• [YOUR ASSIGNMENT]:
Exclude the pictures, then copy word for word the lines running from the beginning of the records through the line with "今日は、4年生の教室で「読み聞かせ」が行われました。".

• [SUPPLIED MATERIAL]:

--------------------------------

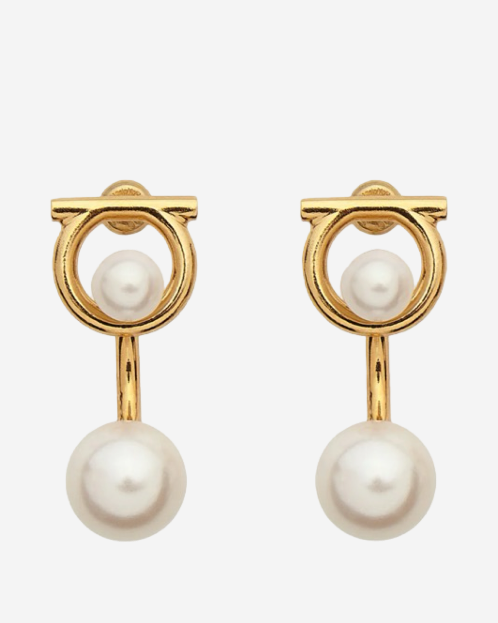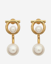 • Description: Ferragamo earrings in the shape of the signature logo with dangling pearls
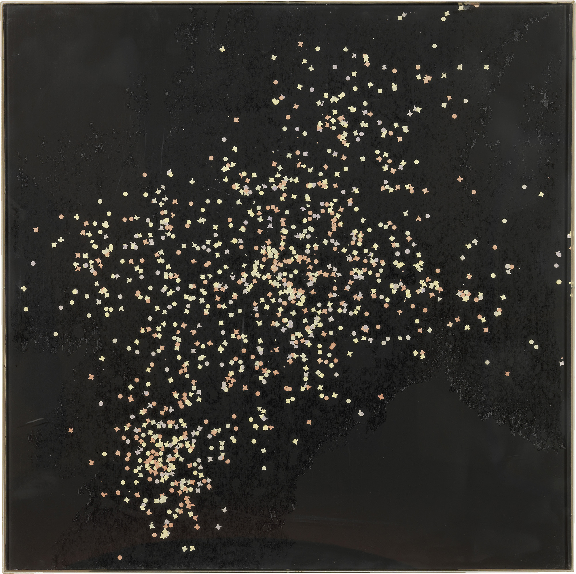 Tano Festa Roma 1938 - 1987 Coriandolo Acrilico e coriandoli su tela, cm. 100x100 Firma al verso sulla tela: Festa
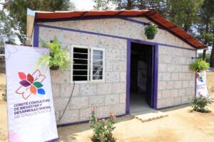 “Esto es el resultado de las voluntades que generan este tipo de apoyos. Tenemos aquí a Eva, ella es nuestra beneficiaria de esta casa. Anteriormente ella vivía en una casita muy chiquita y en condiciones no favorables y ahora, por parte del Comité de Bienestar, estamos haciendo la entrega de esta pequeña casa para que tú y tu familia, Eva, la puedan disfrutar”, y es sin costo para los beneficiarios, comentó.
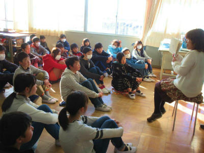 今日は、4年生の教室で「読み聞かせ」が行われました。
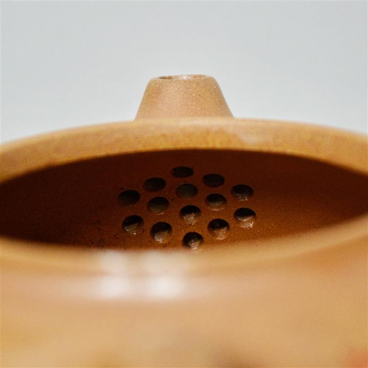 【泥料特點】砂土氣重,似淳實農民,日久使用,漸露鋒芒,養成變化,溫潤莊重。紫砂是壹種雙重氣孔結構的多孔性材質,氣孔微細,密度高。用紫砂壺沏茶,不失原味,且香不渙散,得茶之真香真味。紫砂使用越久,壺身色澤越發光亮照人,氣韻溫雅。紫砂壺長久使用器身會因撫摸擦拭,變得越發溫潤光澤。
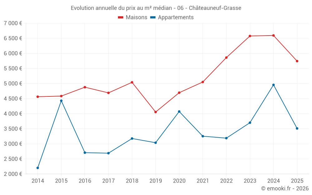 Le prix médian sur les 27 transactions de maisons des 12 derniers mois dans la commune de Châteauneuf-Grasse était de 6 304 € par mètre carré pour une valeur foncière médiane de 1 343 000 €. Sur cette période 60% des transactions se sont situées entre 4 457 et 10 000 € par mètre carré (du 2ème au 8ème déciles).

--------------------------------

• [EXERCISE OUTPUT]:
 • Description: Ferragamo earrings in the shape of the signature logo with dangling pearls
 Tano Festa Roma 1938 - 1987 Coriandolo Acrilico e coriandoli su tela, cm. 100x100 Firma al verso sulla tela: Festa
 “Esto es el resultado de las voluntades que generan este tipo de apoyos. Tenemos aquí a Eva, ella es nuestra beneficiaria de esta casa. Anteriormente ella vivía en una casita muy chiquita y en condiciones no favorables y ahora, por parte del Comité de Bienestar, estamos haciendo la entrega de esta pequeña casa para que tú y tu familia, Eva, la puedan disfrutar”, y es sin costo para los beneficiarios, comentó.
 今日は、4年生の教室で「読み聞かせ」が行われました。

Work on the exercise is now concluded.